Are you at risk of being de-rostered and what does this mean to you?

Did you know using a walk-in clinics frequently when you have a family doctor could cause him/her headaches. In turn you can be called in and advised that you would be taken off his/her roster.

So what does this mean. It is up to your doctor to explain to you the patient what using walk-in clinics means to him and you and how it will affect him. Click here for more (there is a link below that explains a little more)
or read on and click on the link below.

Signing an agreement as a patient and being rostered means the physician’s team commits to being available by phone and through extended office hours during evenings or weekends. 

As far as care, the doctor can continue to care for the patient after he/she is being de-rostered but the patient could no longer access the other services at the family health group, such as consultations with clinic dietitians or social workers, or take advantage of special health programs such as diabetes or diet management.
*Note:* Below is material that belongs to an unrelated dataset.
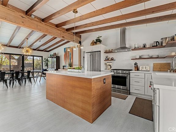 Welcome to your dream home nestled in the heart of tranquility! This meticulously transformed property boasts an array of luxurious features sure to captivate your senses. Step into the main house, where comfort meets sophistication with 4 bedrooms and 3 bathrooms, with 1 bedroom featuring an en suite bath complete with a dual shower head. Situated on a double lot, the possibilities are endless with the opportunity to build another property behind. The charm continues with brand new copper pipes, ensuring both efficiency and durability for years to come. Relax in your own oasis with a mesmerizing rock waterfall and pond, surrounded by lush fruit trees including plum, orange, nectarine, apricot, lemon, and pomegranate. Enjoy the convenience of laundry facilities in the master bedroom with a stacked washer/dryer. Entertain with ease in the gourmet kitchen featuring, Exposed wood beams, new appliances, custom walnut island, soft-close cabinets, and a dining area adorned with a mid-century table and chandeliers. Embrace the warmth of a wood-burning fireplace and unwind in the permitted attached ADU featuring 1 bedroom a 4-piece ensuite bath. The allure of this property extends outdoors with custom legs in place for future solar potential, a sweeping patio area with broad concrete and flagstone, and a 10-person hot tub perfect for relaxation under the stars. Additional highlights include a brand new roof on the main house, new HVAC system with mini splits throughout, brand new doors, new sewer connected and custom marble finishes in all bathrooms. Whether you're seeking a serene retreat or an entertainer's paradise, this showpiece luxury home offers the perfect blend of comfort, style, and sophistication. Located just a short 20-minute drive from Joshua Tree National Park, adventure awaits right at your doorstep. Whether you're hiking, rock climbing, or stargazing, you'll love exploring the natural beauty of the area. Don't miss your chance to own this exceptional property!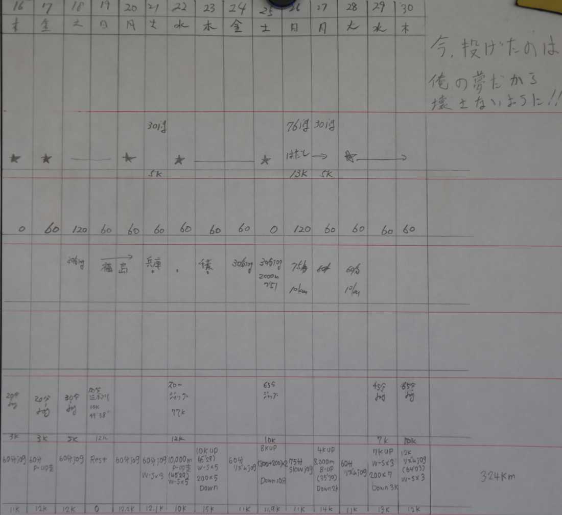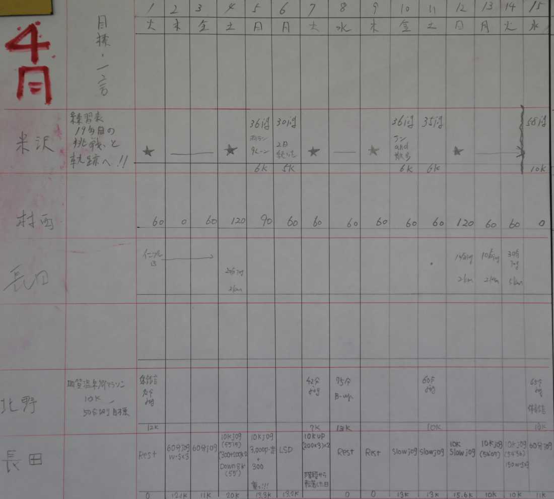 | 順位 | 選手 | 練習量 | 日平均 | 20km以上 | 備考 |

The article explains further how doctors should do a better job explaining this to their patients as they get dinged. The Government funds get clawed back each time a patient goes to a walk in clinic. Hospital visits do not fall into this and do not affect your doctor.

Patients do not understand what the ins and outs are and how walking into a clinic can mean head aches for their family doctor, unless it is has been explain.  As a patient we don’t know these things and cannot be expected to understand or have this knowledge unless it is explained.